- _DATA FOR ANALYSIS_:
++++++++
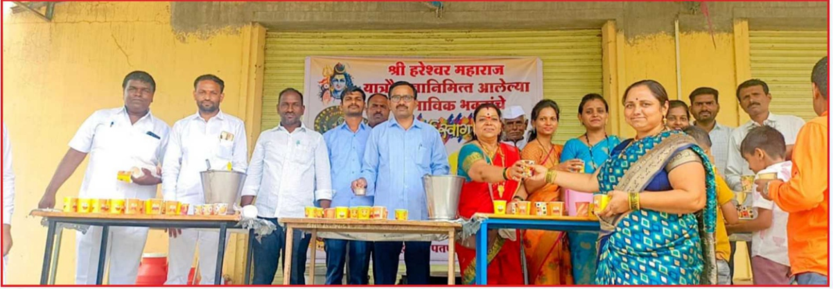
श्री हरेश्वर देवस्थान यात्रेनिमित्त भाविक भक्तांसाठी संस्थेतर्फे फळांचे ज्यूस वाटप प्रसंगी संस्थेचे संचालक व कर्मचारी वृंद.
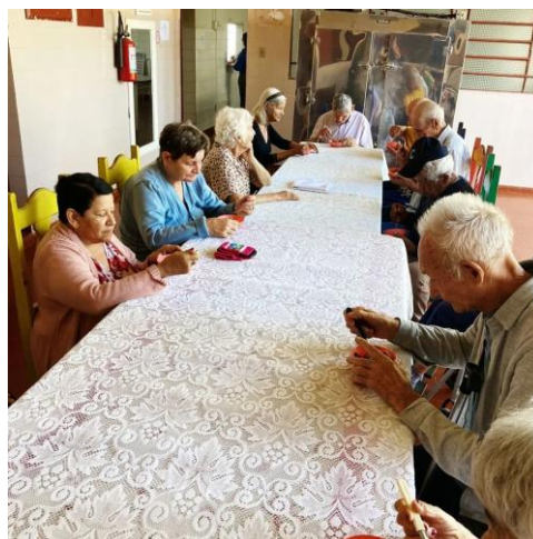
Café da tarde – 01/10/2022
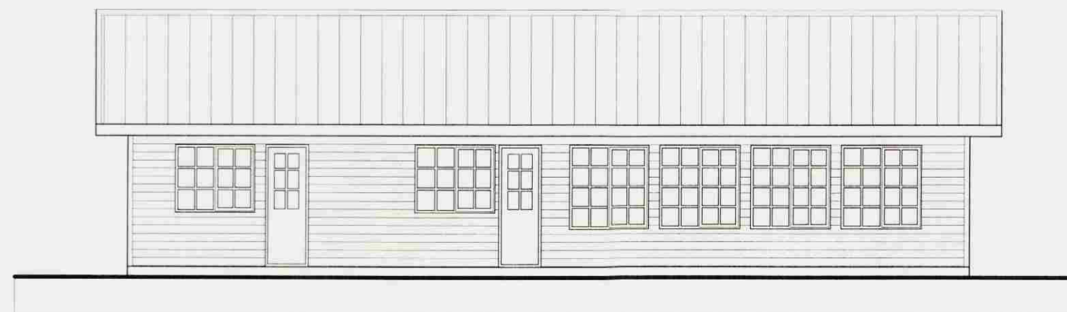
ÚTLIT NORÐUR 1:100
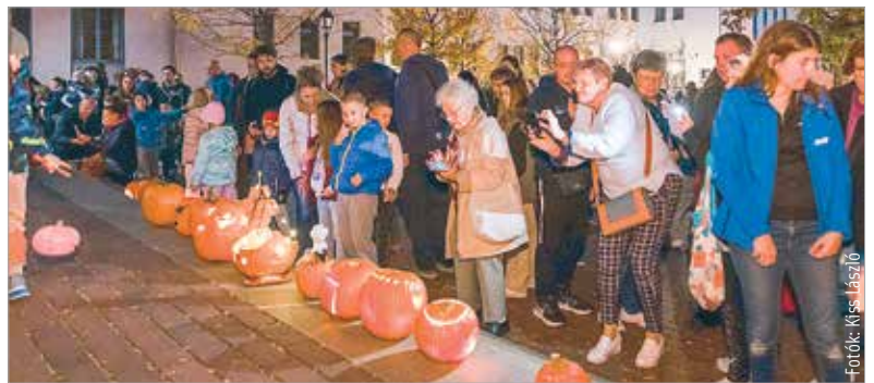
A Bartók Béla térre rengetegen érkeztek megcsodálni a családok által készített töklámpásokat

töklámpások faragása is. Mára már Magyarországon is az őszi ünnepek része lett ez a szokás, hiszen egy olyan közös program lehet, ami összehozza a családokat. A Fehérvár Média centrum pedig a várost is szeretne volna kicsit összehozni, így vasárnap immár ötödik alkalommal rendezték meg a Fehérvári Töklámpás Fesztivált.
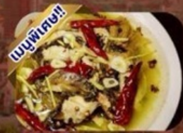
ปลาต้มพริกทอด
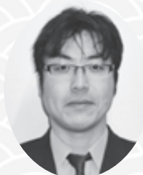
西宮市職員生活協同組合 事務局長
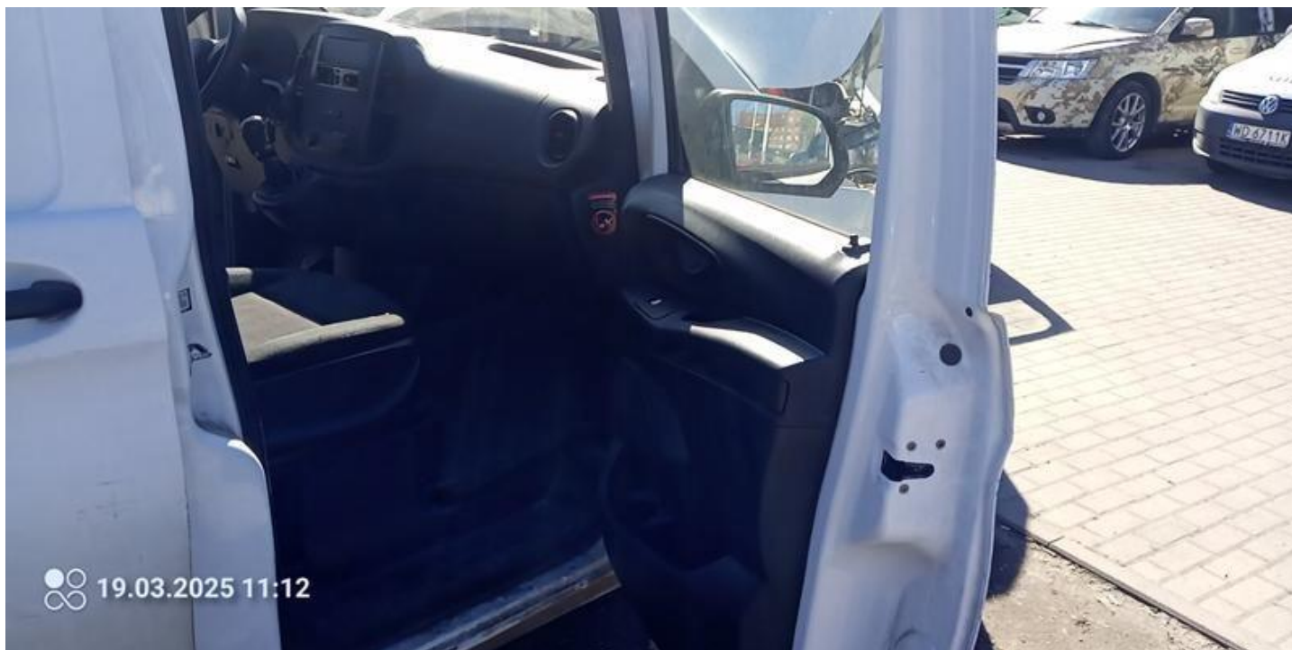
Fot. nr 28
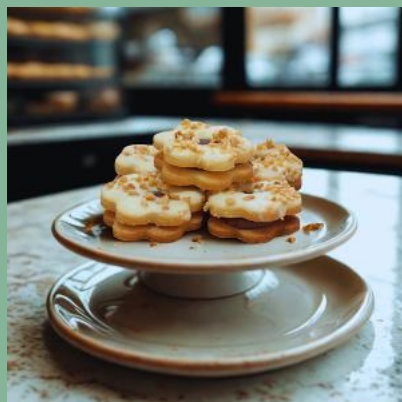
KWIATEK Z NADZIENIEM CZEKOLADOWYM I POLEWĄ Z POSYPKĄ
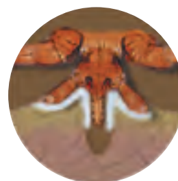
Inoculation salivaire lors du repas de sang
++++++++
- _WHAT TO PRODUCE_: Look back at the data above, then output exactly the lines from the line holding "ÚTLIT NORÐUR 1:100" up to and including the line holding "KWIATEK Z NADZIENIEM". Leave out the pictures.

- _RESPONSE FOR THIS EXERCISE_:
ÚTLIT NORÐUR 1:100
A Bartók Béla térre rengetegen érkeztek megcsodálni a családok által készített töklámpásokat

töklámpások faragása is. Mára már Magyarországon is az őszi ünnepek része lett ez a szokás, hiszen egy olyan közös program lehet, ami összehozza a családokat. A Fehérvár Média centrum pedig a várost is szeretne volna kicsit összehozni, így vasárnap immár ötödik alkalommal rendezték meg a Fehérvári Töklámpás Fesztivált.
ปลาต้มพริกทอด
西宮市職員生活協同組合 事務局長
Fot. nr 28
KWIATEK Z NADZIENIEM CZEKOLADOWYM I POLEWĄ Z POSYPKĄ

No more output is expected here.